Here locally, our only “free clinic” has stopped even taking a waiting list for appointments — they are that unable to meet the demand. Meanwhile our two local hospitals, both of which are non-profit and receive the associated tax breaks in order to provide charity care, have been nationally criticized for falling short in that. Both have been expanding, but by setting up surgicenters and boutique specialty clinics…not in the area of charity care. And, at last count, at least one of them had over 12 vice-presidents in its administration, which leads me to think there are a lot of dollars going to bureaucracy instead of serving the public.
I agree with Diora that anyone who uses an ER for non-emergent care and is able to pay a fee, absolutely should.
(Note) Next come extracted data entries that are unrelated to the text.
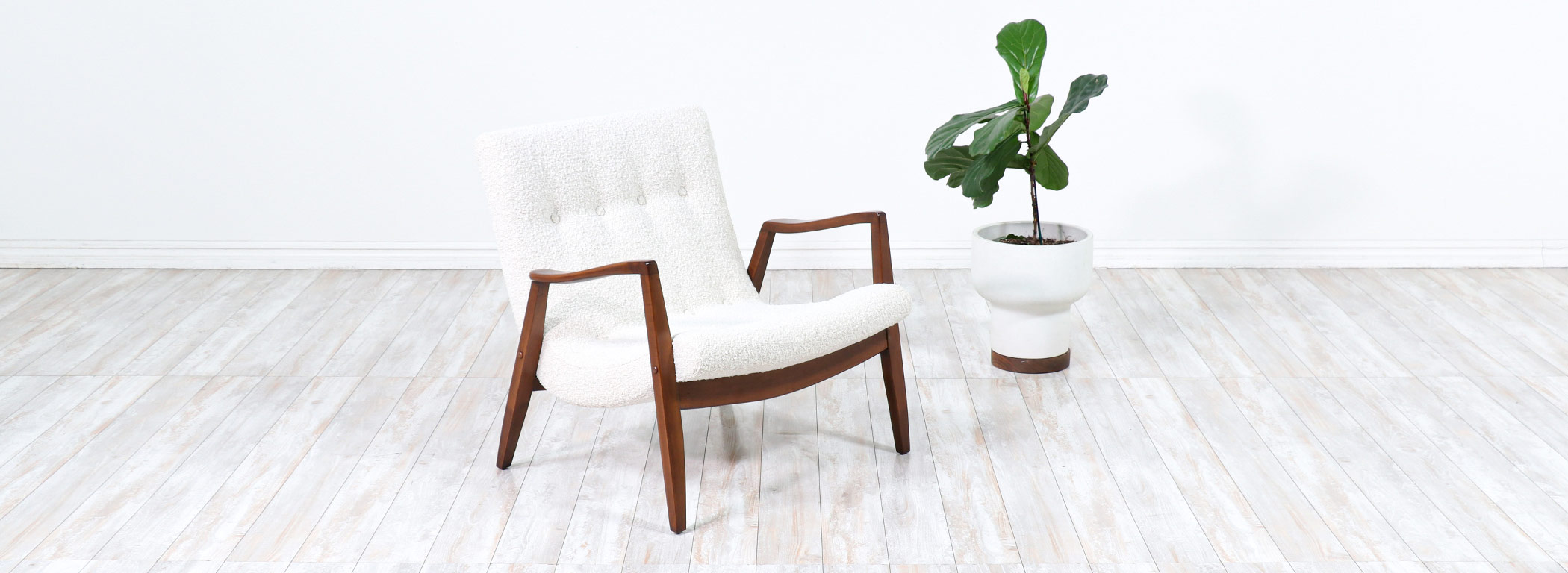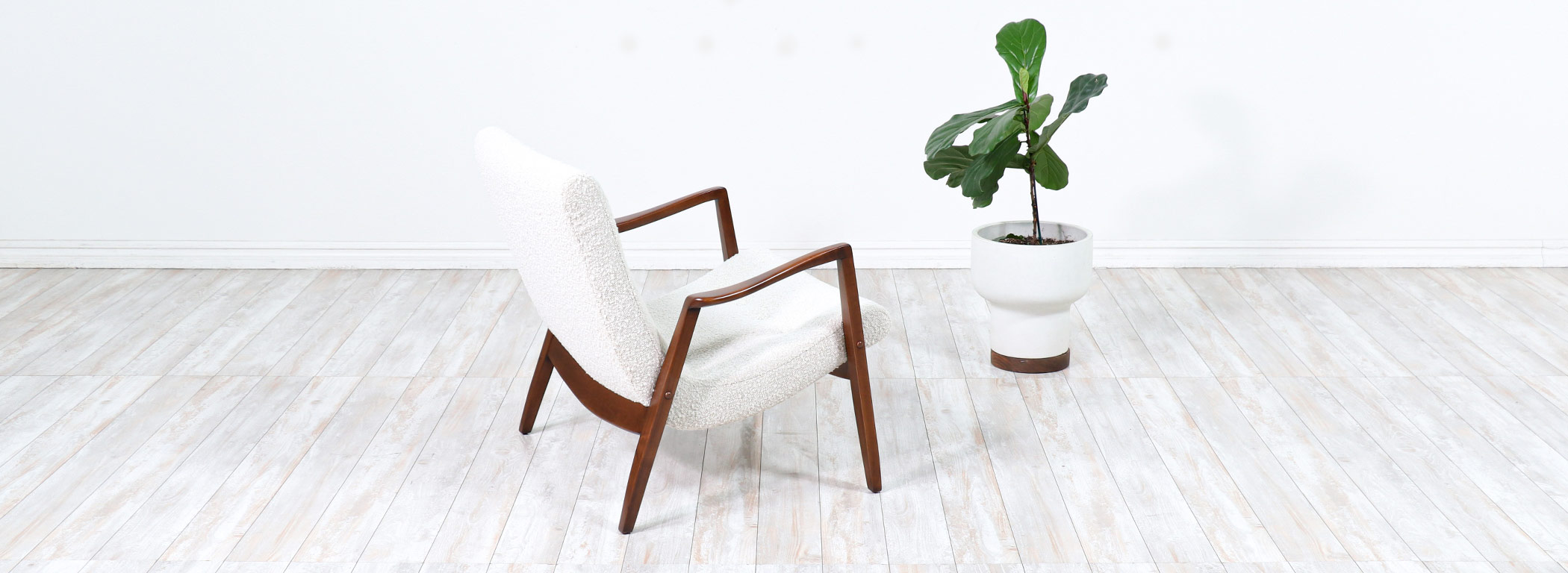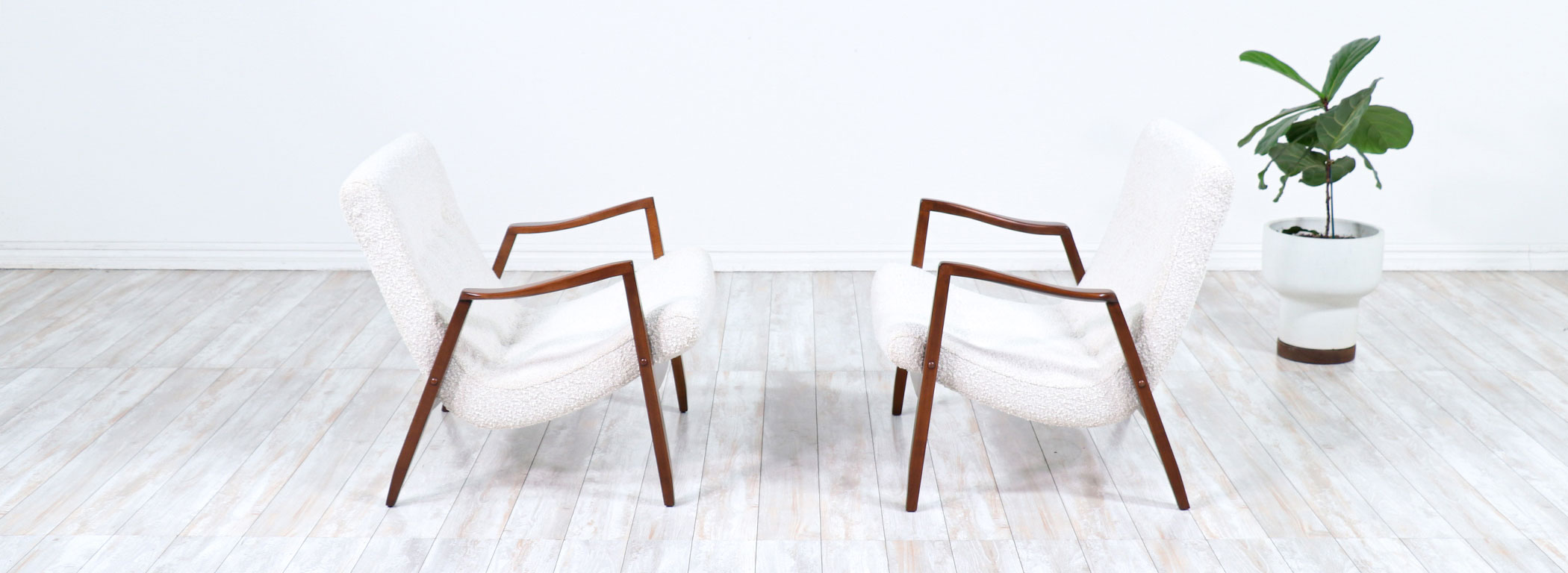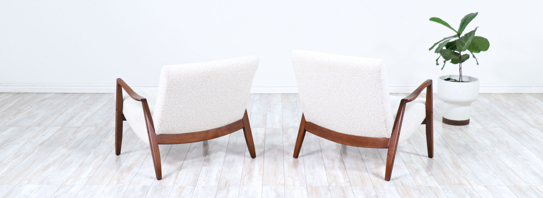 Pair of stylish ‘Scoop’ Lounge chair designed by Milo Baughman in the United States for James Inc. circa 1950s. These rare lounge chairs features an angled sculpted walnut wood frame with wide wood stretchers that hold the ‘scooped’ seat that appears to float in between the armrests. These sleek designs has been newly upholstered in an elegant white boucle wool with button-tufted details that add a touch of modern charm to this vintage chair. The mix of organic shapes and clean symmetry capture the essence of Mid-Century modern design and make of this chair the perfect addition to any home or office space. This item has been refinished by our experienced craftsmen, remaining true to the original design and aesthetic components intact.
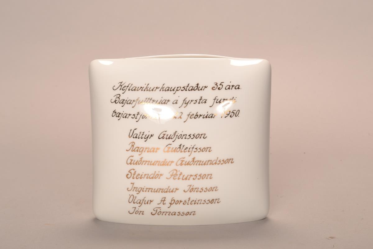 Hvítur ferkantaður postulínsvasi merktur: „Keflavíkurkaupstaður 35 ára, bæjarfulltrúar á fyrsta fundi bæjarstjórnar 22. febrúar 1950“ og nöfn sjö bæjarfulltrúa.
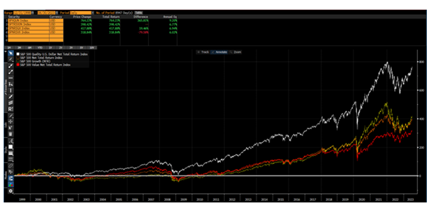 La selección de compañías que hay en la cartera de Renta 4 EEUU Acciones FI están basadas en la filosofía de inversión que mejor rentabilidad ha obtenido en el largo plazo frente a cualquier otra estrategia: el Quality Investing como se puede observar en el siguiente gráfico de comportamiento:
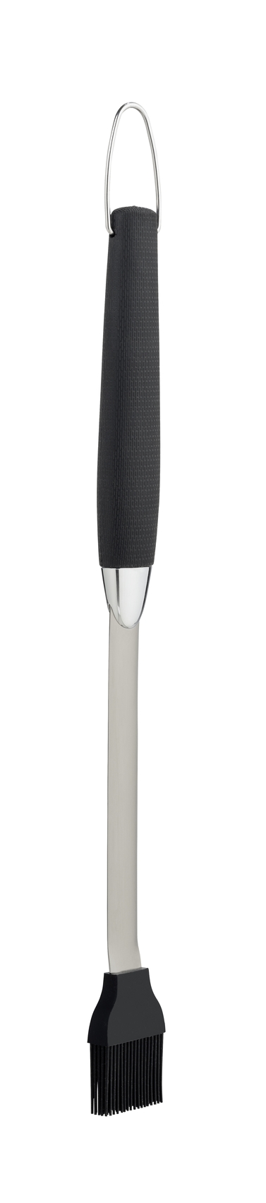 Manche ergonomique : le manche en plastique TPR noir élégant du pinceau à barbecue tient très bien dans la main. Cela vous permet d'utiliser cet accessoire de cuisine en permanence. Le crochet pratique sur le manche permet en outre de suspendre l'ustensile au chariot du barbecue ou à un crochet à proximité.
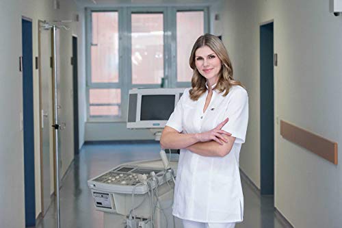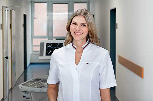 Farbiges Zierband am Kragen und der linken Brustseite sowie 11 praktische Taschen – ideal für Medizin- und Pflegeberufe. Bequeme Seitenschlitze erhöhen den Tragekomfort.

But I also think that non-profit hospitals in particular should have an obligation to the community not to simply shut their doors and point the poor to a free clinic that will be unable to see them for six months or more.
Why do I get the feeling that the $100 extra fee for nonemergent treatment in the ED will merely increase the hospital’s bad debt by $100 per encounter?!
Maybe in the LARGE CITIES there are free clinics but not everyone lives in a LARGE CITY! You can’t get blood out of a turnip and this is just another way to discriminate against the poor people who use the ER for medical care.